Diedrich, D. N. (Duane Norman)

Horace Mann was born on May 4, 1796, in Franklin, Massachusetts, to a poor farming family. He was raised as a Calvinist, though he later rejected the doctrines of the faith and eventually favored Unitarianism. His father died when he was 13 years old. Financial limitations were such that, until the age of 15, Mann was only able to attend school 8-10 weeks per year. Nevertheless, his dedicated use of the small Franklin Town Library and attendance at Williams Academy in Wrentham supplied him with sufficient knowledge to enter Brown University in 1814. He graduated as valedictorian in 1819.

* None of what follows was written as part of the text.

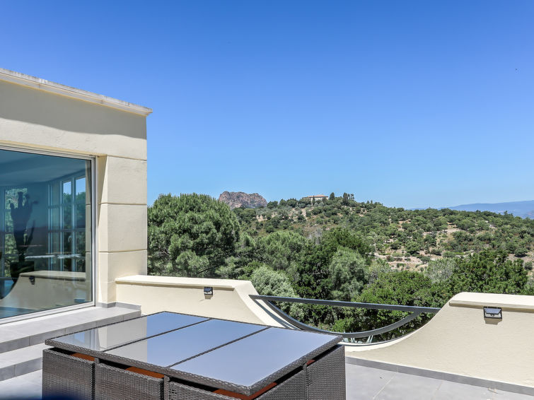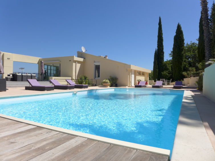 Modernes Einfamilienhaus "Les Toscanes", auf 2 Stockwerken, umgeben von Bäumen. Mietobjekt bestehend aus Haupt- und Nebengebäude, ausserhalb des Ortes Roquebrune sur Argens, ruhige, sonnige, erhöhte Lage auf einem Hügel, in einem Wohnquartier, verkehrsberuhigte Zone, im Grünen. Zur Alleinbenutzung: Naturgarten 1 ha (eingezäunt), Schwimmbad eckig, beheizt, nicht einsehbar (12 x 6 m, 60 - 170 cm tief, saisonale Verfügbarkeit: 15.Mai. - 15.Okt.) mit Rollladenabdeckung und Alarmanlage. Aussendusche, Poolhaus, Terrasse (170 m2), Grill. Im Hause: Alarmanlage. Wohnungsreinigung 1 mal wöchentlich möglich (extra). Einkaufsgeschäft 3 km, Bushaltestelle "Roquebrune Village" 2 km, Bahnstation "Fréjus" 20 km, Sandstrand "Plage de Saint Aygulf" 15 km, Kieselstrand "Calanque des Louvans" 14 km, Park "Areca" 14 km, Thermalbad "Thalasso de Port Fréjus" 20 km, See Lac de l'Arèna 3 km. Jacht-Hafen 15 km, Golfplatz (18 Loch) 10 km, Segelschule 15 km, Reitstall 7 km, Sportzentrum 4 km, Wanderwege ab Haus 100 m. Nahe gelegene Sehenswürdigkeiten: Base Nature du Rocher 4 km, Roquebrune sur Argens 3 km, Saint Aygulf 15 km, Aqualand, Luna park 20 km, Sainte Maxime 24 km, Saint Tropez 40 km. Bekannte Skigebiete sind gut erreichbar: Auron, Isola 2000 155 km. Bekannte Seen in der Umgebung sind gut erreichbar: Lac de St Cassien 50 km, Lac du Du Verdon 95 km. Wandergebiete: Col de Valdingarde 5 km, Estérel 25 km. Bitte beachten: Fahrzeug empfohlen. Für Kleinkinder nicht geeignet. Der Besitzer akzeptiert keine Jugendgruppen. Die Residenz wird durch elektrische Tore geschlossen. Dieses Haus besteht aus zwei Gebäuden (Zugang von aussen), insgesamt 5 Zimmer – 2 Schlafzimmer und 1 Badezimmer im Nebengebäude. Bei einem Aufenthalt ab 14 Nächten wird vom Eigentümer eine Reinigung, in der Mitte des Aufenthalts, angeboten (Aufpreis).

Two years later, in 1821, Mann was admitted as one of about 30 students to the law school of Judge James Gould at Litchfield; he was admitted to the Norfolk County bar in December 1823. Mann lived in Dedham, Massachusetts, where he worked as an attorney until his election as a State Representative in 1827. He used this political position to advocate civil and religious liberty, temperance, and education. While achieving public and professional eminence, he also experienced several tragic events during the next 10 years. His marriage to Charlotte Messer (the daughter of Brown University President, Dr. Asa Messer) in 1830 lasted only two years before her death of tuberculosis. In 1833, the grieving Mann moved from Dedham to Boston, following which he suffered the loss of his mother and two close friends (Silas Holbrook and his father-in-law, Dr. Messer).